One of the main reasons institutions remain vulnerable to cyberattacks is not that they’re in denial, but that they don’t possess the budget to purchase things like endpoint detection and response solutions, cloud backup systems, or incident-response retainers—tools that dramatically decrease the likelihood of damage from a cyberattack. But budget issues shouldn’t prevent institutions from safeguarding their campuses. Below, I’ve laid out my top 10 suggestions (some quite economical!) for improving your system security and safeguarding against cybercrime.
1. Set Up Multifactor Authentication
Passwords get cracked, guessed, and stolen. Multifactor authentication greatly reduces the chances of bad actors accessing your systems. I highly recommend adding a secondary authentication factor for all system users, including students. While some solutions are more secure and friendlier than others, any is better than a simple username and password.
2. Update Your Systems
We call this vulnerability and patch management. Your software providers are constantly at work to detect and repair system vulnerabilities. Update your operating systems and applications to address vulnerabilities and help prevent attacks.
3. Make Sure People Are Logged Into Their Computer as Users, Not Administrators
Surfing the web and reading emails as an administrator makes you an easier target to malware writers. Administrators have greater access to reconfigure a computer than users do and accessing someone’s administrative account would allow a cybercriminal to do a great deal of damage.
4. Deploy Microsoft LAPS
Microsoft LAPS protects local administrator account passwords for domain-joined computers by giving them a unique password and changing it automatically. It’s free and it’s soon going to built into Windows 11, so deployment is an easy call.
5. Eliminate Obsolete Operating Systems
Think Windows 2008 and earlier. These systems are no longer being updated and repaired and are incredibly vulnerable.
6. Identify Services on Your Network That Are Exposed to the Internet But Shouldn’t Be
Examples of these types of services: SMB, Telnet, RPC, and SQL.
7. Monitor For Stolen Credentials
You don’t have to pay for good information. You can start with a free service like haveibeenpwned.com.
8. Keep in Touch With Peers to Learn of New Threats and Best Practices
In the spirit of this advice, I recommend that your information security staff get familiar with and become members of The Research and Education Networks Information Sharing and Analysis Center (REN-ISAC), which focuses on cybersecurity in the research and higher education community. I also recommend joining the Jenzabar Security listserv, the EDUCAUSE listservs, or even forming a private group with your peers from other similar institutions. You’ll get alerts, reports, threat news, and advice for mitigating those threats.

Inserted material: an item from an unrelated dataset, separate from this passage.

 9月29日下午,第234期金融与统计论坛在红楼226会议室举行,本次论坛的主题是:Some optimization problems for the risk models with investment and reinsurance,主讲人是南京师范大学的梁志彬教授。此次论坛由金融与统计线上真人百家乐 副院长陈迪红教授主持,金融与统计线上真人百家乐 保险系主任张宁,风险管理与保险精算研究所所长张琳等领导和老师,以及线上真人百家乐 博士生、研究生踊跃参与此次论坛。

9. Block Email Attachment Types Common to Malware, But Not Common to Your Network
10. Do a Tabletop Exercise With Key Institutional Stakeholders
Anticipate that an incident will most likely occur and identify key players: IT staff, legal representation, leadership, etc. In this exercise, you’re looking for answers and consensus to important security questions. How do you plan on communicating if campus email and phone systems go down? Is your institution willing to pay a ransom? If you are going to pay a ransom, how will you go about doing that? Who is your incident response leader: You, your insurance provider, a third-party incident response service, or someone else?
Don’t Underestimate the Importance of an Experienced Systems Provider
Even without an unlimited budget there are ways to protect your institution from the devastating impact of a cyberattack. While the aforementioned ten tips will certainly help, the benefits of working with an experienced, knowledgeable technology provider—one who is serious about its customer service and system security—cannot be overstated. A provider who is dedicated to security will ensure its experts remain up to speed on the latest threats and that its systems are updated with the latest security measures.